Up to now I did those steps:
1) Find all elements in ${F_8}$ which are in my opinion: $0,1,x,x+1,x^2,x^2+1,x^2+x,x^2+x+1$
2) Then I found those traces for the elements: $Tr(0)=0\\ Tr(1)=1\\ Tr(x)=x+x^2+x^4\\ Tr(x+1)=Tr(x)+Tr(1)=x^4+x^2+x+1\\ Tr(x^2)=x^8+x^4+x^2 \text{(must this be reduced!?)}\\ Tr(x^2+1)=Tr(x^2)+Tr(1)=x^8+x^4+x^2+1\\ Tr(x^2+x)=Tr(x^2)+Tr(x)=x^8+x\\ Tr(x^2+x+1)=Tr(x^2)+Tr(x)+Tr(1)=x^8+x+1$
Is this procedure correct? Thank you!
You can take advantage of the linearity of trace. To make the notation less cumbersome I denote the coset $x+\langle x^3+x+1\rangle$ by $\alpha$. In that case the elements of the field are $$ \Bbb{F}_8=\{a_0+a_1\alpha+a_2\alpha^2\mid a_0,a_1,a_2\in\Bbb{F}_2\}. $$ The minimal polynomial of $\alpha$ is $m(x)=x^3+x+1$. Its other zeros are the conjugates $\alpha^2$ and $\alpha^4=\alpha\cdot\alpha^3=\alpha(\alpha+1)$. Therefore $$ \begin{aligned} m(x)&=(x-\alpha)(x-\alpha^2)(x-\alpha^4)=x^3-(\alpha+\alpha^2+\alpha^4)x^2+\cdots\\ &=x^3-tr(\alpha)x^2+\cdots \end{aligned} $$ Therefore we can conclude that $tr(\alpha)=0$. This also follows from the earlier calculation (that also appears in Timbuc's answer) giving us that $\alpha^4=\alpha+\alpha^2$.

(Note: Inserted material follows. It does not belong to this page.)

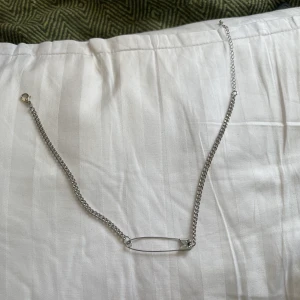 silvrigt halsband med en säkerhetsnål, nästan helt oanvänd. ungefär 48 cm

Because $m(x)$ is also a minimal polynomial of $\alpha^2$, we see that $tr(\alpha^2)=tr(\alpha)$, so also $tr(\alpha^2)=0$. Clearly $$ tr(1)=1+1^2+1^4=3=1. $$ Linearity thus gives us that $$ tr(a_0+a_1\alpha+a_2\alpha^2)=a_0\, tr(1)+a_1\, tr(\alpha)+a_2\, tr(\alpha^2)=a_0. $$